(Data entries)
***

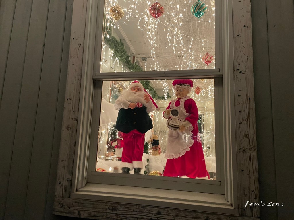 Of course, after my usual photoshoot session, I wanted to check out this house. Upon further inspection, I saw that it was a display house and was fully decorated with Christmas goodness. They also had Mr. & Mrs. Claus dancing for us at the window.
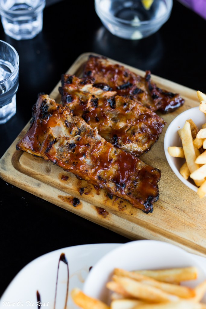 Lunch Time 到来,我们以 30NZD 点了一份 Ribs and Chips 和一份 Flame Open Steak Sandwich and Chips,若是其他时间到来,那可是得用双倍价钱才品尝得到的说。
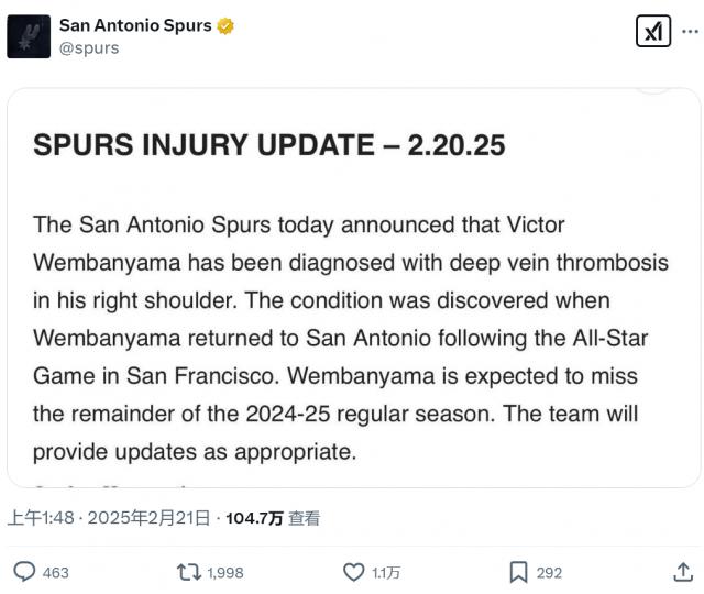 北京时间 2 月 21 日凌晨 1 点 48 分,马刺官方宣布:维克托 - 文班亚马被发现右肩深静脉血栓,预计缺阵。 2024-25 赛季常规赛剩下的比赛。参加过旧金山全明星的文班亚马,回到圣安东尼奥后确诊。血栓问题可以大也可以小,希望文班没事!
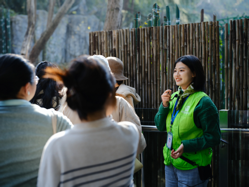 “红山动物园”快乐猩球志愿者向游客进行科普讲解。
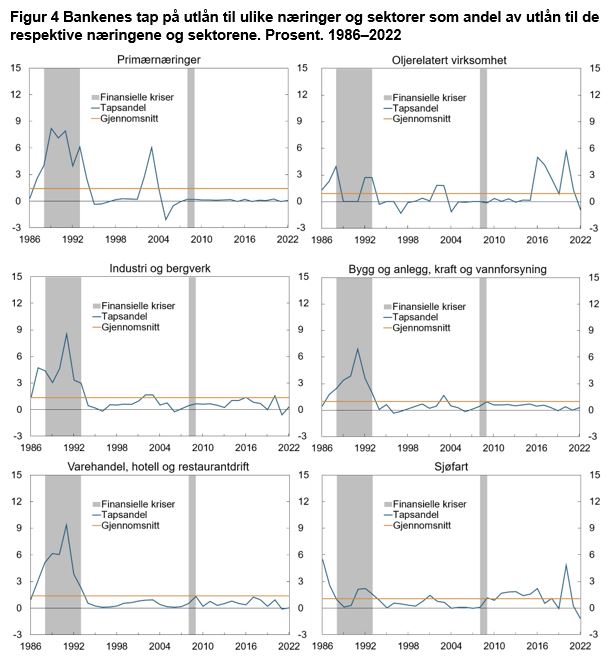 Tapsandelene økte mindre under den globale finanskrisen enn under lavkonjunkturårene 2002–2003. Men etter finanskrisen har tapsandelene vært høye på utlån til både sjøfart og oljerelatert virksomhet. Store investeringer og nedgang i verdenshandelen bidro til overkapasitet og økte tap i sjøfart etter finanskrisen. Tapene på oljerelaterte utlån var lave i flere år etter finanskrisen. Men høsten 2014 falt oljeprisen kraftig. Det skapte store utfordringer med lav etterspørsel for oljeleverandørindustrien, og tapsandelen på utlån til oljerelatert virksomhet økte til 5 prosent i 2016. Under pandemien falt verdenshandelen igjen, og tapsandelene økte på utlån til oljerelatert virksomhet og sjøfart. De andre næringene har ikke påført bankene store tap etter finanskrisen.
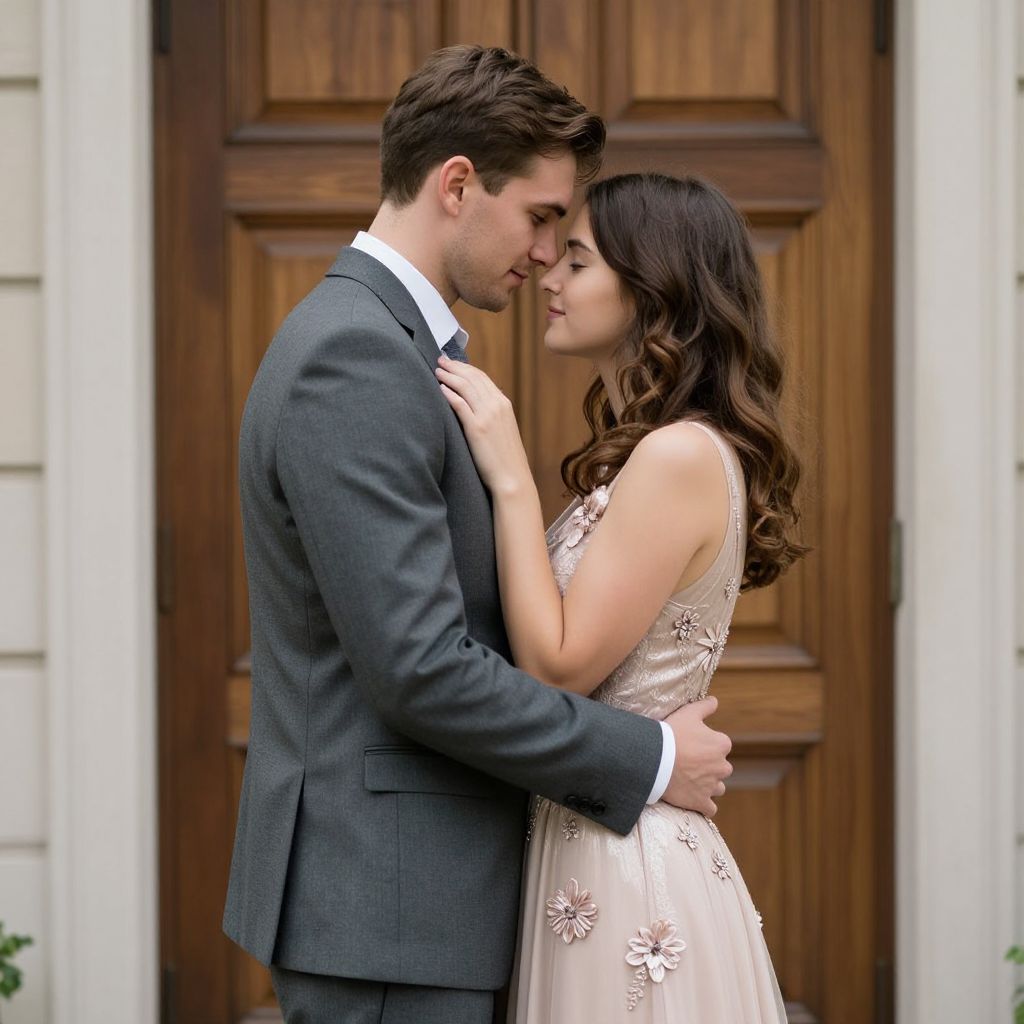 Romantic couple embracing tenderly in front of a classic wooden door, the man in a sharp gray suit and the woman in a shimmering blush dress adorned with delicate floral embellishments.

***

#### Problem description:
Write the data out again exactly, but without its images.

#### Result of this task:
 Of course, after my usual photoshoot session, I wanted to check out this house. Upon further inspection, I saw that it was a display house and was fully decorated with Christmas goodness. They also had Mr. & Mrs. Claus dancing for us at the window.
 Lunch Time 到来,我们以 30NZD 点了一份 Ribs and Chips 和一份 Flame Open Steak Sandwich and Chips,若是其他时间到来,那可是得用双倍价钱才品尝得到的说。
 北京时间 2 月 21 日凌晨 1 点 48 分,马刺官方宣布:维克托 - 文班亚马被发现右肩深静脉血栓,预计缺阵。 2024-25 赛季常规赛剩下的比赛。参加过旧金山全明星的文班亚马,回到圣安东尼奥后确诊。血栓问题可以大也可以小,希望文班没事!
 “红山动物园”快乐猩球志愿者向游客进行科普讲解。
 Tapsandelene økte mindre under den globale finanskrisen enn under lavkonjunkturårene 2002–2003. Men etter finanskrisen har tapsandelene vært høye på utlån til både sjøfart og oljerelatert virksomhet. Store investeringer og nedgang i verdenshandelen bidro til overkapasitet og økte tap i sjøfart etter finanskrisen. Tapene på oljerelaterte utlån var lave i flere år etter finanskrisen. Men høsten 2014 falt oljeprisen kraftig. Det skapte store utfordringer med lav etterspørsel for oljeleverandørindustrien, og tapsandelen på utlån til oljerelatert virksomhet økte til 5 prosent i 2016. Under pandemien falt verdenshandelen igjen, og tapsandelene økte på utlån til oljerelatert virksomhet og sjøfart. De andre næringene har ikke påført bankene store tap etter finanskrisen.
 Romantic couple embracing tenderly in front of a classic wooden door, the man in a sharp gray suit and the woman in a shimmering blush dress adorned with delicate floral embellishments.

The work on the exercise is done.